Access can also be controlled on a per-user level using the “Share with users” boxes, which accept email addresses of registered Pathway Tools users.

6.8  Browsing SmartTables and Users

6.8.1  User Pages and Directory

As part of SmartTables, an enhanced public user page has been created, which can be accessed by clicking on any user name in the SmartTable directory (try the Public SmartTables tab). A user page displays the user’s name, an optional user-settable graphic picture, and a list of the user’s public SmartTables. There is also a user directory available.

6.8.2  Browsing a SmartTable

Under the Browse this SmartTable command, the current SmartTable can be browsed one row at a time. Depending on the type of data in the SmartTable, various text and image elements will be displayed in a single page for a row. In the upper-left corner of the page, a grey box will be shown that displays the name of the SmartTable being browsed as well as a Next link to move to the next row’s page. The Clear link can be used to stop browsing and stay in the current page.

7  Omics Data Analysis

Pathway Tools based Web sites offer multiple tools for analysis of gene expression, metabolomics, and other large-scale datasets.

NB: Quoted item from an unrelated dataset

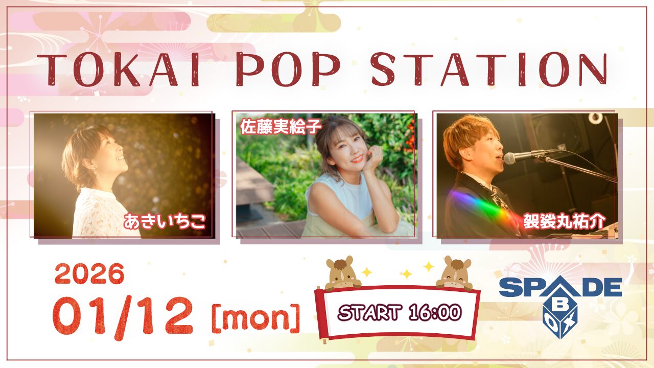 2026 1/12SPADE BOX TOKAI POP STATION 時間OPEN/15:30START/16:00 チケット 前売¥3,500-/当日¥4,000- [ドリンク代別途¥600必要] 配信 ツイキャス¥2,000- 問い合わせ HeartLand/052-212-9018出演:佐藤実絵子 / あきいちこ / 袈裟丸祐介 Post 記事のタイトルとURLをコピーする スケジュール一覧

Omics data file format is described in Section 8.3.1.

A number of these capabilities are also available as web services.

Multi-Omics Analysis

The following tools can be used for analysis of combined datasets from multiple high-throughput technologies.

  • Paint multi-omics data onto metabolic map — Colors reaction arrows in the metabolic-map diagram with colors indicating gene-expression and/or protein-expression levels; color metabolite nodes in the diagram with colors indicating metabolomics data. Data can be uploaded from a file or imported from a recently visited SmartTable. The uploaded data can contain a mixture of rows describing genes, proteins, and metabolites.
    [documentation]
    [To start: Metabolism → Cellular Overview then Right Operations Menu → Overlay Experimental Data]
    When uploading a file that contains multiple types of data, be sure to specify that the items in the first column can be any of genes, proteins compounds, etc.

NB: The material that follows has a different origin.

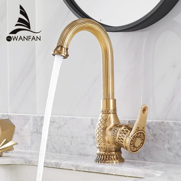 Vintage Bathroom Faucets Carved Single Handle Gooseneck Antique Brass Gold

  • Paint multi-omics data onto a Pathway Collage — Generate a user-customizable diagram containing a set of pathways of interest, overlaid with multi-omics data. There are multiple ways to specify the pathways to be included.
    [documentation]
    [To start: Metabolism → Pathway Collages]

  • Paint multi-omics data onto pathway diagram — Allows visualization of large-scale datasets on individual pathways.
    [file format documentation]
    [To start: Visit a pathway page, then select Right Operations Menu → Customize or Overlay Omics Data on Pathway Diagram]
    In the pop-up window, in addition to customizing which pathway elements appear in the diagram, you may specify a file of Omics data to be displayed. If the file contains multiple types of data, be sure to specify that the items in the first column can be any of genes, proteins compounds, etc.

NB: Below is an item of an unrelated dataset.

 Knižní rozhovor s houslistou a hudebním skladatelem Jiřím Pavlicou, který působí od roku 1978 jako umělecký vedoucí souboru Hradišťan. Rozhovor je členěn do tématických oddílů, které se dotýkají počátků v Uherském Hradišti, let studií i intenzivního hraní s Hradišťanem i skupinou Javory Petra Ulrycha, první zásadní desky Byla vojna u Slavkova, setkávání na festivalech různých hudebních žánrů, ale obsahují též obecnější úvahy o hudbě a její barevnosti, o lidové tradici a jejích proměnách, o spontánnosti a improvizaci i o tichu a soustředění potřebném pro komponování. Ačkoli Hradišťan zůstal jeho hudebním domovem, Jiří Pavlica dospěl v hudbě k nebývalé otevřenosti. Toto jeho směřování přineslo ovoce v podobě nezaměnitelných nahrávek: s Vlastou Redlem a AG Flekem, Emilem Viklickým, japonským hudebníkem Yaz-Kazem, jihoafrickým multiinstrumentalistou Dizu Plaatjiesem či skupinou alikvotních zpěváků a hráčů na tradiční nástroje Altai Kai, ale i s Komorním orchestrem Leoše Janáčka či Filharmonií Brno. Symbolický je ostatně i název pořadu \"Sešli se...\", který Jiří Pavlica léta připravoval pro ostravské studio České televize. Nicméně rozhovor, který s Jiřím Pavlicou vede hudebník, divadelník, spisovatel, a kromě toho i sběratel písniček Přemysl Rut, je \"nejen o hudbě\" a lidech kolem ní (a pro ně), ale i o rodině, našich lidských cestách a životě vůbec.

Gene Expression and Proteomics Analysis

Many of the following tools can accept proteomics as well as gene-expression data.

  • Paint gene-expression data onto metabolic map — Colors reaction arrows in the metabolic-map diagram with colors indicating gene-expression and/or protein-expression levels. Data can be uploaded from a file, imported from PortEco or GEO, or imported from a recently visited SmartTable.
    [documentation]
    [To start: Metabolism → Cellular Overview then Right Operations Menu → Overlay Experimental Data]

  • Table of highly over/under-expressed pathways — When painting a dataset onto the metabolic map, the upload dialogue offers the option of generating a table of the N most highly perturbed pathways. Each pathway is assigned a Pathway Perturbation Score (PPS), which attempts to measure the overall extent to which a pathway is up- or down-regulated, by averaging the level of deviation from zero (in either direction) over all the reactions in the pathway. If multiple data columns are specified, a differential score (DPPS) is computed, which attempts to measure the extent to which a pathway exhibits change between timepoints.
    [documentation]
    [To start: Use previous tool but for the Show data: field, select either As a table of pathway diagrams or Both on this diagram and as a table in a new tab and specify the number of pathways to include in the table.]

  • Paint gene-expression data onto a Pathway Collage — Generate a user-customizable diagram containing a set of pathways of interest, overlaid with gene expression data. There are multiple ways to specify the pathways to be included.
    [documentation]
    [To start: Metabolism → Pathway Collages]

  • Paint gene-expression data onto single pathway diagram.
    [file format documentation]
    [To start: Visit a pathway page, then select Right Operations Menu → Customize or Overlay Omics Data on Pathway Diagram]
    In the pop-up window, in addition to customizing which pathway elements appear in the diagram, you may specify a file of Omics data to be displayed.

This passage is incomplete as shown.